The door to changelessness is through the face of change. What changes are the appearances that changelessness assumes, but appearances are not the substance. This changelessness is not far off or the purview of specialists but your experience this very moment as you are reading these lines—not only are you reading these words, you are also aware that you are reading.
This awareness is changeless and has not aged, though the body and mind have. This awareness is neither male nor female, rich or poor, or of any nationality or religion because it is aware of all these modifications and limitations. Awareness is here and now but we seek the hand of habit and handoff changelessness for the turbulent waters of change. The unchanging that we are finds itself bobbing on the waters of change and it is not necessary at all.
What makes change so difficult?
We or the ‘me’ makes change difficult as it wants change but it does not want to change. So, it introduces the time process, “Tomorrow or next year, I will do this or change that way…” Any resolve that involves time process is not a resolve but the faint hope of an unclear heart. Change is here and now if we are willing to change, not to change anything but simply ‘to change’ right here and now.
When vigilance is natural, change is natural, as one sees every situation just as it is and the inner intelligence which is not burdened by conditioning responds. These two, vigilance and the awakened inner intelligence, are not different. Vigilance is the awakened inner intelligence that sees and responds to things as they are.
Vigilance or intelligence does not respond to speculation or worry as they have no corresponding reality that can be seen. As long as we prefer conditioning of any sort, we choose thought instead of reality and face habit instead of things as they are. It is not possible to bring about real change when facing the wall of our thoughts.
Face things as they are from moment to moment, as they arise and see that change is not something to be done but the best response to the present moment.
The tussle of giving up
Change does not involve giving up anything real as giving up only comes into question when one holds something.
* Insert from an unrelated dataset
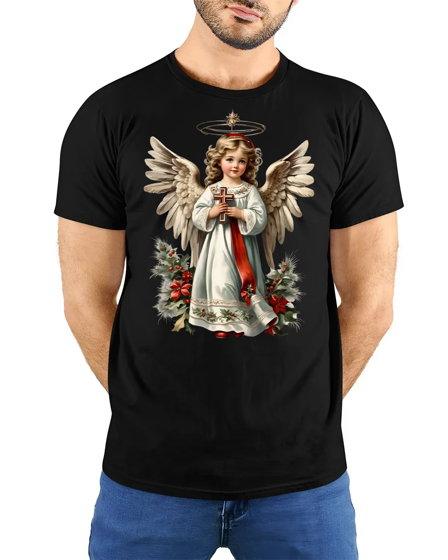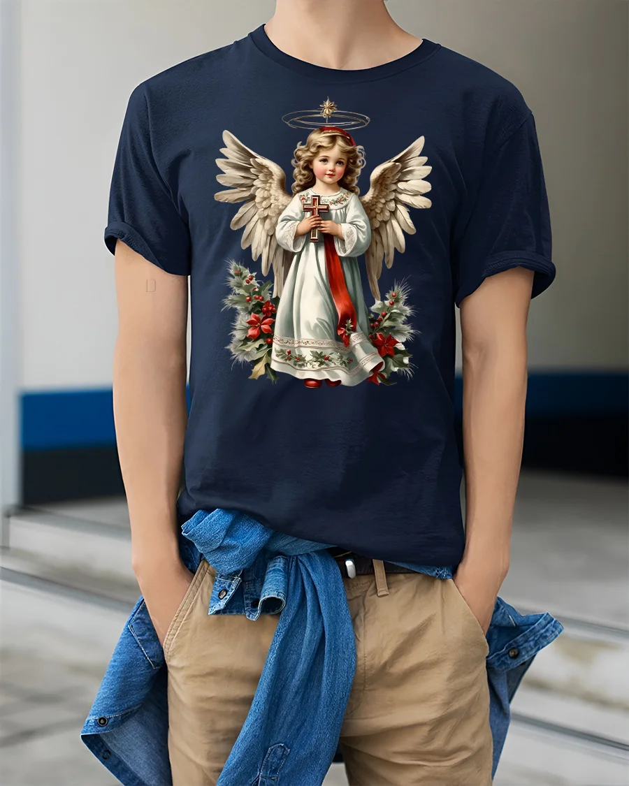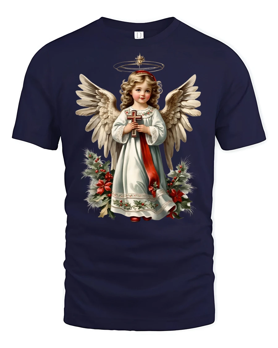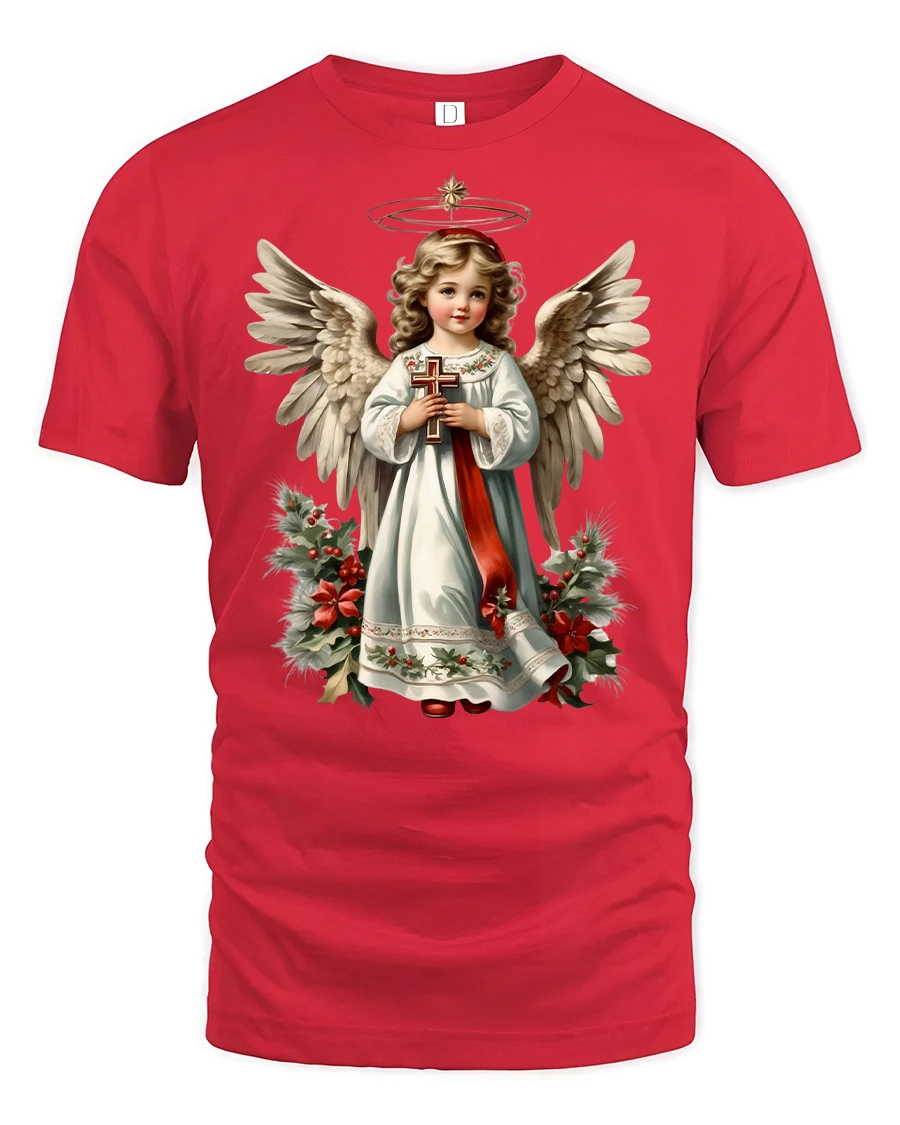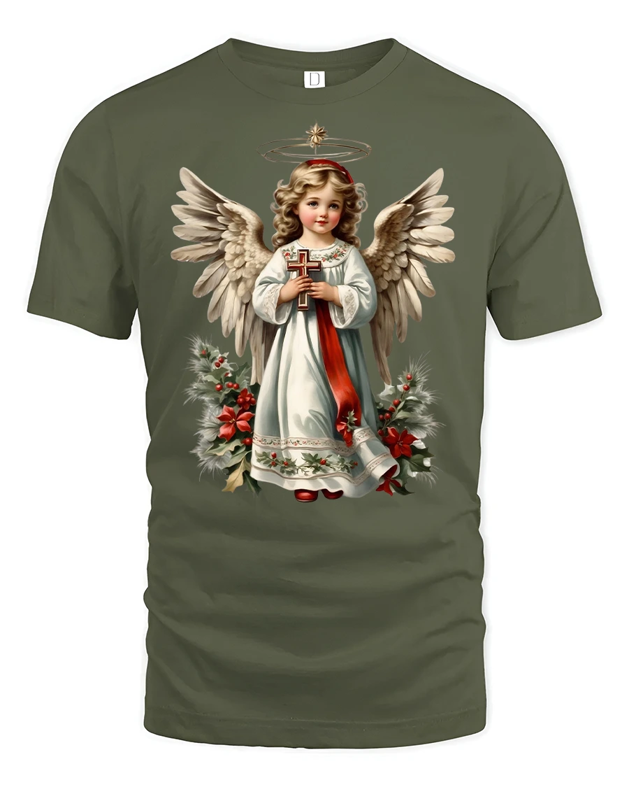 This tee also makes a wonderful gift for family and friends who cherish Christmas traditions. Pair it with jeans, cozy pants, or holiday accessories for a complete seasonal outfit. Celebrate the holidays with faith, beauty, and comfort in this angel-inspired Christmas t-shirt.

When all things are in process of change, what is it that you are holding onto please? Kindly look at this impartially and very closely. The tussle or struggle of giving up something for something else is not giving up ‘things’ per se but the ideas, notions, hopes and expectations we have from and about them. These are not a reality and have nothing to do with people, things or conditions—they are notions in our mind and this is conditioning.
Conditioning conditions reality or things as they are and the conditioned mind sees itself—never what actually is. When one is awake to this foolishness, staying awake one sees things as they are without the interference of conditioning and does what is best, without the ‘me’ which is also a notion and life flows.
If there is one thing change involves it is giving up conditioning that has caused great sorrow and confusion and facing things as they are so the clarity of direct perception, which is perception without the interference of any conditioning, can respond to life. What is the struggle in this?
Down to brass tacks
Our own resistance makes change difficult—nothing else. Outwardly things make take time to reflect inner change but that is not change, only a reflection of change which is always inner. The unawakened old mind resists change because it thinks it finds security in the known—even if it be sheer ignorance. When one is awake, these difficulties do not appear—as the new mind, the ever-fresh mind, the mind free of conditioning sees directly and clarity of perception itself acts.